In January 2014, he dismissed Uganda's top five and eventually finished with career best figures of 6 for 19 in 10 overs as Uganda lost 10 for 52 to be all out for 105 in 35.5 overs in ICC Cricket World Cup Qualifiers at Pukekura Park, New Plymouth.

He made his One Day International debut for Papua New Guinea on 8 November 2014 against Hong Kong in Australia. He made his Twenty20 International debut for Papua New Guinea against Ireland in the 2015 ICC World Twenty20 Qualifier tournament on 15 July 2015.

In March 2018, at the 2018 Cricket World Cup Qualifier 9th/10th place playoff against Hong Kong in what was the 4,000th ODI to be played, Amini took 4 wickets for 27 runs. He had also scored 21 runs in Papua New Guinea's innings, earning the player of the match award. This was also Papua New Guinea's final One Day International before losing their ODI status.

In August 2018, he was named as the vice-captain of Papua New Guinea's squad for Group A of the 2018–19 ICC World Twenty20 East Asia-Pacific Qualifier tournament. In March 2019, he was named as the vice-captain of Papua New Guinea's squad for the Regional Finals of the 2018–19 ICC World Twenty20 East Asia-Pacific Qualifier tournament.

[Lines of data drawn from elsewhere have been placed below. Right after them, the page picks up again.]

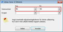 Udfylder du ikke noget i Varenr eller Gruppe, bliver alle varer/lønarter der er opsat til ExpandIT udlæst på samme tid.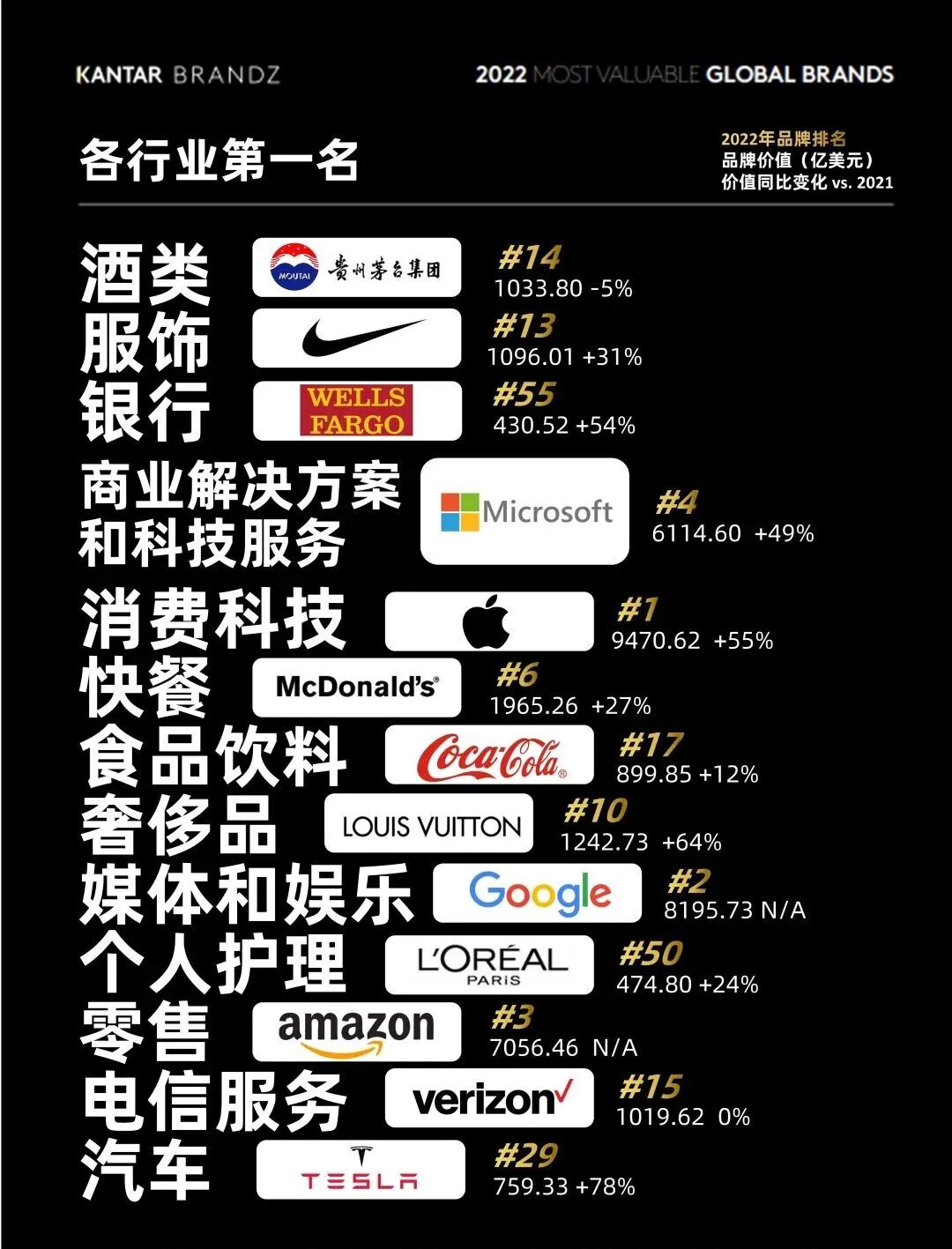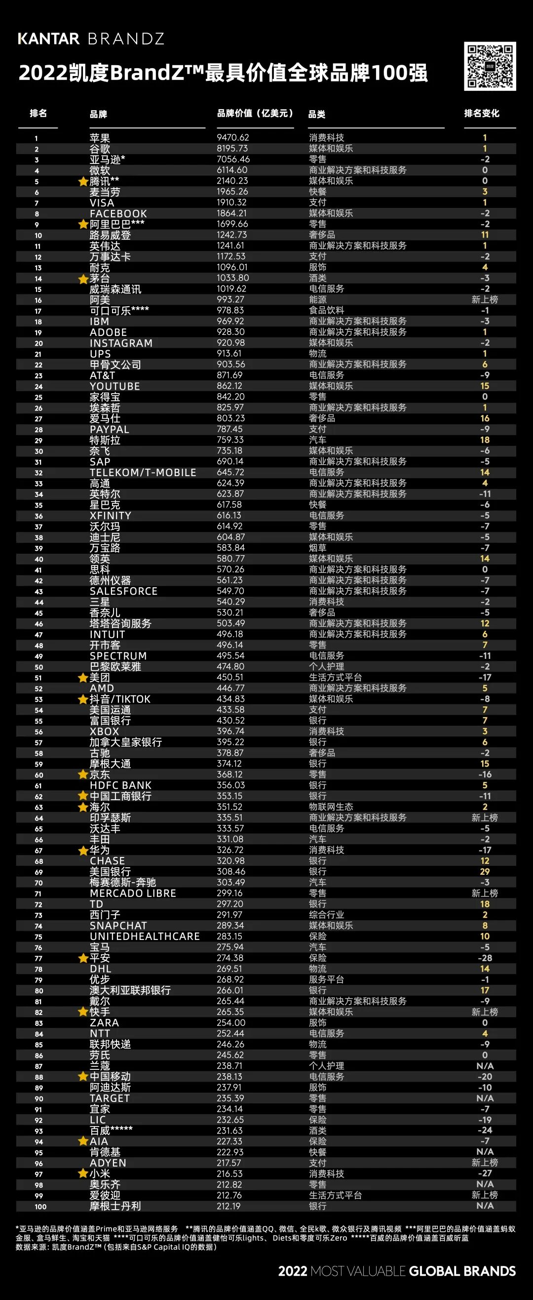 今日,全球品牌数据与分析公司凯度集团最新发布了2022年凯度BrandZ™最具价值全球品牌排行榜。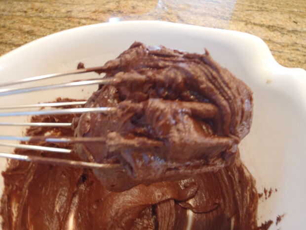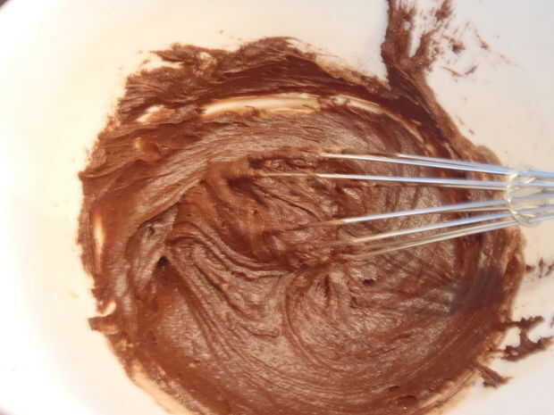 En un recipiente aparte, batir harina, polvo de cacao y la sal; Añadir a la mezcla de chocolate y batir para mezclar.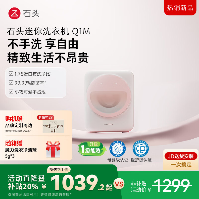 石头迷你洗衣机Q1M 桃气粉 国家补贴 UVC除菌 全自动滚筒儿童内衣迷你洗衣机新款XQG011RR428

The following month, he was named vice-captain of Papua New Guinea's squad for the 2019 ICC World Cricket League Division Two tournament in Namibia. He was named as one of the six players to watch during the tournament.

In June 2019, he was selected to represent the Papua New Guinea cricket team in the men's tournament at the 2019 Pacific Games. In September 2019, he was named as the vice-captain of Papua New Guinea's squad for the 2019 ICC T20 World Cup Qualifier tournament in the United Arab Emirates. In August 2021, Amini was named in Papua New Guinea's squad for the 2021 ICC Men's T20 World Cup.

Personal life
Amini hails from a family with deep cricketing roots. His grandfather Brian and father Charles both captained Papua New Guinea's senior side, while his brother Chris was also a Papua New Guinea senior and Under-19 captain.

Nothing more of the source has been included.